Anlaşmanın imzalanması beklenmedi ve İsrail kara harekatı başlattı. Harekat başlar başlamaz söylemler değişti. İsrail ordusu sözcüsü ve kendisiyle ağız birliği yapan askeri yorumcular ve gazeteciler hep bir ağızdan kara harekatının “Hamas üzerinde rehineleri serbest bırakması için baskı oluşturduğunu” söylemeye başladılar.
Rehinelerin aileleri bu görüşe katılmıyorlardı fakat “vatan haini” damgası yeme korkusuyla seslerini çıkarmadılar.
Kimse, “Kara istilası Hamas’ın rehineleri bırakması için ne tür bir baskı yaratıyor? Ne bakımdan? Nasıl?” diye soramadı.
ÇARPIK BAKIŞ AÇISI
Savaşın enkazı altına gömülen başka bir soru daha var. İsrailli Yahudiler Gazze’de ne olup bittiğini görüyorlar, duyuyorlar, düşünüyorlar? İşlenen savaş suçlarına dair neredeyse hiçbir şey görmüyorlar.
Londra’da, Washington’da ve diğer dünya kentlerinde haftalık olarak düzenlenen Filistin’e destek eylemleri, İsrailli sivillerin öldürülmesini destekleyen “solcuların” eylemleri olarak yansıtılıyor.
İsrail’in Gazze’de yaptıklarına karşı artan küresel tiksinti, İsrail medyasında haberleştirilmiyor. Haberleştirildiğinde ise tamamen çarpıtılıyor ve sanki Yahudilere ve İsrail’e karşı bir tür komplo hazırlandığı algısı oluşturuluyor.
Baskıcı politikalar Filistinli İsraillilere has değil.
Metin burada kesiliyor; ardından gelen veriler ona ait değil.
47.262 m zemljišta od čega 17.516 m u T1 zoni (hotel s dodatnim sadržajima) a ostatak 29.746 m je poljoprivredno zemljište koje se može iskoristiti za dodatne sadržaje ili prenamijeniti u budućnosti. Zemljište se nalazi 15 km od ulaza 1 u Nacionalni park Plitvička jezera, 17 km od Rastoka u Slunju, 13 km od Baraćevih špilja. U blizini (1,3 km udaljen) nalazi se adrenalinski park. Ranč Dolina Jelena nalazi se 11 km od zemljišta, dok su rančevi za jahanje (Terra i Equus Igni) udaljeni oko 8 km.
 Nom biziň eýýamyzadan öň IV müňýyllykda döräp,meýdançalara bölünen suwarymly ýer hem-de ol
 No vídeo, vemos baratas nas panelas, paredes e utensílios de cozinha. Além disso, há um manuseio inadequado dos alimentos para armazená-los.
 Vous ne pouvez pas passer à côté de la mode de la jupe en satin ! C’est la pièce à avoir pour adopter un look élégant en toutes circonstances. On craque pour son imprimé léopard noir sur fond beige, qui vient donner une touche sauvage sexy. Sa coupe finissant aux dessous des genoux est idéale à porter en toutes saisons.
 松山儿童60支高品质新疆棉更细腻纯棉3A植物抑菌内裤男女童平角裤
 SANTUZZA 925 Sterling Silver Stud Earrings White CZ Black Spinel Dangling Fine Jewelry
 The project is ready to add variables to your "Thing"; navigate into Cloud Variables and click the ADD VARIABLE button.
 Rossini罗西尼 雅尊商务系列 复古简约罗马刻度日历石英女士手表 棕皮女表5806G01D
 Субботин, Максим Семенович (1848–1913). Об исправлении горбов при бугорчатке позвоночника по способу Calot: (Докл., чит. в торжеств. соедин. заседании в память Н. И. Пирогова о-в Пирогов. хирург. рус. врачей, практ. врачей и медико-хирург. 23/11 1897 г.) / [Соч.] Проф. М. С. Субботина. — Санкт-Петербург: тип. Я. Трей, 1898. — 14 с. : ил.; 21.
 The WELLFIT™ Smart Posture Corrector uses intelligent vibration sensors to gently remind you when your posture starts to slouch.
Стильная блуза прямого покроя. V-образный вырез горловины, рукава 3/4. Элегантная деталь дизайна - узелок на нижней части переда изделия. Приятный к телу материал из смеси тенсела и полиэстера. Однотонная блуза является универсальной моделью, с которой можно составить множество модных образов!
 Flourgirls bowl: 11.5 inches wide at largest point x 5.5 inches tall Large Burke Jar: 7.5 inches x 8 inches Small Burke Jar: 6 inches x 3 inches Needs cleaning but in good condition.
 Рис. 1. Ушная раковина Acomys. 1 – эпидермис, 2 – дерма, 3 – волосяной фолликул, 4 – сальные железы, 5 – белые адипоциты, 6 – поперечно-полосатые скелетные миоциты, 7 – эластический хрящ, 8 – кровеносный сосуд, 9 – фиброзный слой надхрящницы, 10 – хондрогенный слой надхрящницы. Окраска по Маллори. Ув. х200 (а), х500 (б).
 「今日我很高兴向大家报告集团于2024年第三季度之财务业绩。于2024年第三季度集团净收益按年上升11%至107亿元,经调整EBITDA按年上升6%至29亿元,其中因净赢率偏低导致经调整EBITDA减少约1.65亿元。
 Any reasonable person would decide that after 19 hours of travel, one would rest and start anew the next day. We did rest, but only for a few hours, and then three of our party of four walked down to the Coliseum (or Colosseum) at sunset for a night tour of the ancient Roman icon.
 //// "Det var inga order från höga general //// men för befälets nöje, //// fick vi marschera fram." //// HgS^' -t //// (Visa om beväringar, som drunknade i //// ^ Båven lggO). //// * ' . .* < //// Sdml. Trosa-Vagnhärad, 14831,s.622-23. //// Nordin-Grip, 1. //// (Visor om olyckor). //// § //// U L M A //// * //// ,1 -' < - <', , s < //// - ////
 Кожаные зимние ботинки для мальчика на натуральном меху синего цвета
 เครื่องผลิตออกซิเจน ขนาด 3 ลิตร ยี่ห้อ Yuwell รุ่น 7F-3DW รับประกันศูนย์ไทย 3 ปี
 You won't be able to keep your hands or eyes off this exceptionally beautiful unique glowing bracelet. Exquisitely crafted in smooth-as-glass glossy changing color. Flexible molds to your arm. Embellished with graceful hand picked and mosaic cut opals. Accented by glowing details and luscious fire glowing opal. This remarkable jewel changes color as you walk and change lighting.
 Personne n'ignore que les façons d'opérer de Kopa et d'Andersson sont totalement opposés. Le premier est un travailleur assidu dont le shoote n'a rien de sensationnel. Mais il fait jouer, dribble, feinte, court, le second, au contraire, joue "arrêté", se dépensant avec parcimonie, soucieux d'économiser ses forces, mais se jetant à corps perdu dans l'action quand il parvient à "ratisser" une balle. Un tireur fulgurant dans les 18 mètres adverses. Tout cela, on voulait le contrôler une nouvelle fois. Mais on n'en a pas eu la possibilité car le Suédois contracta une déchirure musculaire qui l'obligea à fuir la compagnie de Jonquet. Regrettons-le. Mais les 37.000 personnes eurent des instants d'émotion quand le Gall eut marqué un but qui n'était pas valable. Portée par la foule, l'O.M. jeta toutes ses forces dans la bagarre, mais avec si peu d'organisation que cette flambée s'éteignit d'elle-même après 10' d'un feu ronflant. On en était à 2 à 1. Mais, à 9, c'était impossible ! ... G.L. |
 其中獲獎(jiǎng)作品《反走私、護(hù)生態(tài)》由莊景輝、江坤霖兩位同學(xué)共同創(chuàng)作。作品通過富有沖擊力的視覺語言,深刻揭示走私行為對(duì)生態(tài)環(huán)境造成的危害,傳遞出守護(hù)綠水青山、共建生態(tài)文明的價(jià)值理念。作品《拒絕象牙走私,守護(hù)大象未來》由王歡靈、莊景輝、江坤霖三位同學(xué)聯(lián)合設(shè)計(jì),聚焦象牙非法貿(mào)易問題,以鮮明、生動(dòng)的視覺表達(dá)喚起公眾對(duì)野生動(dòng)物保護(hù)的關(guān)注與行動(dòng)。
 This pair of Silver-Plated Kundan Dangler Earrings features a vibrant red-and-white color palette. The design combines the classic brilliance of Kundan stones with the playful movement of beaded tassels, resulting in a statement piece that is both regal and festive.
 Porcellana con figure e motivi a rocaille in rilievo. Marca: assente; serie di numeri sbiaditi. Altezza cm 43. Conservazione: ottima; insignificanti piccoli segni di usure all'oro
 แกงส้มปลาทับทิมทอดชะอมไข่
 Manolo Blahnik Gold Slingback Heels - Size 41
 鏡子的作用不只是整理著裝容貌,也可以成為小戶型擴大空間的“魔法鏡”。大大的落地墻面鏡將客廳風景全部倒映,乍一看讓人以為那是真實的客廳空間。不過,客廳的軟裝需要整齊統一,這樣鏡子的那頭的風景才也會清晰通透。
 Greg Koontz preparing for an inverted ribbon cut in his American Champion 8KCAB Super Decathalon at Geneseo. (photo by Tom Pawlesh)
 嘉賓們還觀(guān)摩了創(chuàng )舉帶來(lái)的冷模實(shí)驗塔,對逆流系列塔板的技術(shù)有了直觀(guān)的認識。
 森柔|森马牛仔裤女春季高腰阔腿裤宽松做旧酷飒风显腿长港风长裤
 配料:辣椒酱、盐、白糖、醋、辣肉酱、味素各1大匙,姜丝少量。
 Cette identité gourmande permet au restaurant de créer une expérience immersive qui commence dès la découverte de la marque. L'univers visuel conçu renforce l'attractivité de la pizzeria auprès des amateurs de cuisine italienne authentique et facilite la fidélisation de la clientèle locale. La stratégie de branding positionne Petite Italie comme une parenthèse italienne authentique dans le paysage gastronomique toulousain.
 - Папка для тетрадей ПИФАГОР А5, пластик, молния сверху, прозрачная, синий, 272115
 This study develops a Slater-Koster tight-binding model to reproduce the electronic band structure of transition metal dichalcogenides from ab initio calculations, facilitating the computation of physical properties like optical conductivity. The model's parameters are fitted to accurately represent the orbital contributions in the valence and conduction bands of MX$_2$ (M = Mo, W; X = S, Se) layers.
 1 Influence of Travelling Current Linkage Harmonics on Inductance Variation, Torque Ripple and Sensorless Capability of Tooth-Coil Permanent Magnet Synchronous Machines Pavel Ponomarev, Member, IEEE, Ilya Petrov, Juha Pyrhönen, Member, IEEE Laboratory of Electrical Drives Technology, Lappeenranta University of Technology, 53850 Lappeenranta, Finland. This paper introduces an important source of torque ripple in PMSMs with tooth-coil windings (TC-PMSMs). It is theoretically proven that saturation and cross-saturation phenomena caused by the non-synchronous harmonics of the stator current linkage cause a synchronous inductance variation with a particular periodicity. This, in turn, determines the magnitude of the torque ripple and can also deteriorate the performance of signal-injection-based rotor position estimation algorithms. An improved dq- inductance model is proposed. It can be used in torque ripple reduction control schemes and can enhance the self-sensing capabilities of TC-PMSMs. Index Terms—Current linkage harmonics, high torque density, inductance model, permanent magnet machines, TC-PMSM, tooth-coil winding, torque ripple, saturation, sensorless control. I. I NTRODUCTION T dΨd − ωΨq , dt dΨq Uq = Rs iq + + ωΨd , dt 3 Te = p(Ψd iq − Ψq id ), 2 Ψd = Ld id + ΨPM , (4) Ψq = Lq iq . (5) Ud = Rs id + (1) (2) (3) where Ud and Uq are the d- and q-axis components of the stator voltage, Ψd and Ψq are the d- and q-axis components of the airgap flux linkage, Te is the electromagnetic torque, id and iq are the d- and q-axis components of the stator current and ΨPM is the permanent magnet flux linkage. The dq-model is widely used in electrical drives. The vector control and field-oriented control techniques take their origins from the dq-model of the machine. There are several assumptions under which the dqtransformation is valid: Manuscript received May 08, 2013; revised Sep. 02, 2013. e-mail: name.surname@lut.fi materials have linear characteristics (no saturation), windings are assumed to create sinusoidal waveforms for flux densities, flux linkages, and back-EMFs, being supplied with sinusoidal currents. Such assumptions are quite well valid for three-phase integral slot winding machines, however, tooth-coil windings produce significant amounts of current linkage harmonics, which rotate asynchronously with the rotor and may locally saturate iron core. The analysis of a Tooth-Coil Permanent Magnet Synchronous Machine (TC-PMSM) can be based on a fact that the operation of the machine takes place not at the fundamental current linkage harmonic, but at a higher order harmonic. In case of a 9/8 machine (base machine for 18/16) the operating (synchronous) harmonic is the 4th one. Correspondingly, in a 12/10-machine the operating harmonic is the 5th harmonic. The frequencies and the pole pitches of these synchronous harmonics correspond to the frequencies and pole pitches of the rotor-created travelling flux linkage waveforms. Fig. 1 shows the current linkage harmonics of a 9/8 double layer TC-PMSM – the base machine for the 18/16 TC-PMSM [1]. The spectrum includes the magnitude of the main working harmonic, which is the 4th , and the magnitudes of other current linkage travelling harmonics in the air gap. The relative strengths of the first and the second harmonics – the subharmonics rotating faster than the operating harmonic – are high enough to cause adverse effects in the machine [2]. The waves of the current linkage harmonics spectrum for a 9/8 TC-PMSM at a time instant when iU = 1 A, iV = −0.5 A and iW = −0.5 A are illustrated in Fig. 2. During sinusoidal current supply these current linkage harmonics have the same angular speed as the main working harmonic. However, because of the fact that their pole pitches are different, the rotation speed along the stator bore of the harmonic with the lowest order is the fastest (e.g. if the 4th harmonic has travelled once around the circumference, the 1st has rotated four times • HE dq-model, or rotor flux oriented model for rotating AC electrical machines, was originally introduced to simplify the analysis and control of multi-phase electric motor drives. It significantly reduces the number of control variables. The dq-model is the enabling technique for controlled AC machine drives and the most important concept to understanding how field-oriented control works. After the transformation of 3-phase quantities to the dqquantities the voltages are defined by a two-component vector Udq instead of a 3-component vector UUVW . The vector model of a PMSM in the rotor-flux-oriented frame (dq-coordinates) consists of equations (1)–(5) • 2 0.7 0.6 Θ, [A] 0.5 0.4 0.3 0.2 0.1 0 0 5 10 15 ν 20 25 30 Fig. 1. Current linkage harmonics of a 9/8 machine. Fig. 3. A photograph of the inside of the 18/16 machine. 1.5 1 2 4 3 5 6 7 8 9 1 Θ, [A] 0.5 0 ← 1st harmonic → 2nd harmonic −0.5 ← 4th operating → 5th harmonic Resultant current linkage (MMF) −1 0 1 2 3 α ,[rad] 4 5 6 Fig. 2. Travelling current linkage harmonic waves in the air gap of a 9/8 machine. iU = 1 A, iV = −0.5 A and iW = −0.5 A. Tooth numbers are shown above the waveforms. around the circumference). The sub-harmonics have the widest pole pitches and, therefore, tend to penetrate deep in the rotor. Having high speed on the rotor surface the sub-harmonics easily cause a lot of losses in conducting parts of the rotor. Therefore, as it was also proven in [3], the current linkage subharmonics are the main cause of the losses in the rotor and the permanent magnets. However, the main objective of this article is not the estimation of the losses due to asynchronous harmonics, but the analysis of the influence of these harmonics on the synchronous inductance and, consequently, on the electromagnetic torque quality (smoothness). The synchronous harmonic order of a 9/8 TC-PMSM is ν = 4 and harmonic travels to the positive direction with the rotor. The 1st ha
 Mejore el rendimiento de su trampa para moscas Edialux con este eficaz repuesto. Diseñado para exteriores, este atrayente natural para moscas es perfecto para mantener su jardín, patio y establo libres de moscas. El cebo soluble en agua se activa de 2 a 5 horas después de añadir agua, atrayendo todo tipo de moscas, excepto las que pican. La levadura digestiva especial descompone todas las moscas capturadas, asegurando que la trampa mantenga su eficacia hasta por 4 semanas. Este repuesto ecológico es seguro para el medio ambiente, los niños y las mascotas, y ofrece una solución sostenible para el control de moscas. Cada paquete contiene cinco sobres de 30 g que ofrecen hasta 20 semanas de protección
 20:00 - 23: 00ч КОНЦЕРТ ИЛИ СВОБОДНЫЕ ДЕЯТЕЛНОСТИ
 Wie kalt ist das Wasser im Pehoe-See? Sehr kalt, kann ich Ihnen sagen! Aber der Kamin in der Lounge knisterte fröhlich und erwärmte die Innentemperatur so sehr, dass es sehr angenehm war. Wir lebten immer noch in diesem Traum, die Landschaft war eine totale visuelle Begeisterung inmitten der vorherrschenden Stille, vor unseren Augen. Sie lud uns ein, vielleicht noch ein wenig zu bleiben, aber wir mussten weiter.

Yahudi muhalifler de linç kültürüne maruz kalıyorlar.
Yıllarca Haaretz gazetesi için yazan psikiyatrist Eran Ronik Çarşamba günü Kamu Hizmetleri Komisyonu tarafından disiplin kurulu görüşmesine çağırıldı ve Netanyahu karşıtı yazıları için ifade vermesi talep edildi.
Vatandaşlık öğretmeni Meir Baruçin, İsrail ordusunun Gazze’de ya da Filistin’de öldürdüğü Filistinli çocukların fotoğraflarını paylaştığı için “vatana ihanet” suçlamaları ile Perşembe günü tutuklandı.
Ultra-Orthodox, solcu bir gazeteci olan İsrail Frey, kibbutz günü yaşamını yitiren İsrailli ve Filistinli çocuklar için dua ettiğini yazdı. Evinin önüne toplanan kalabalıktan kendini zor kurtardı ve sığındığı yer halen bilinmiyor.
Zihnimi en çok kurcalayan ve beni en çok korkutan soru ise şu: Bir sonraki adım ne?
Şu an yaratılan terör iklimini “korku ve intikam hırsı” ile açıklayabilirsiniz. Hamas saldırısı ardından Yahudi İsraillilerin abartılı olsa da kendilerini güvende hissetmediklerini söyleyebilirsiniz. Fakat İsrail içinde yaratılan bu susturma ve baskı rejimi, savaş bitince sona erecek mi? Yoksa Filistinli ve İsrailli muhaliflerin topyekün bastırıldığı yeni bir rejimin eşiğinde miyiz?
İsrail faşizmin pençesinde mi? Maalesef olumlu bir yanıt bulamıyorum.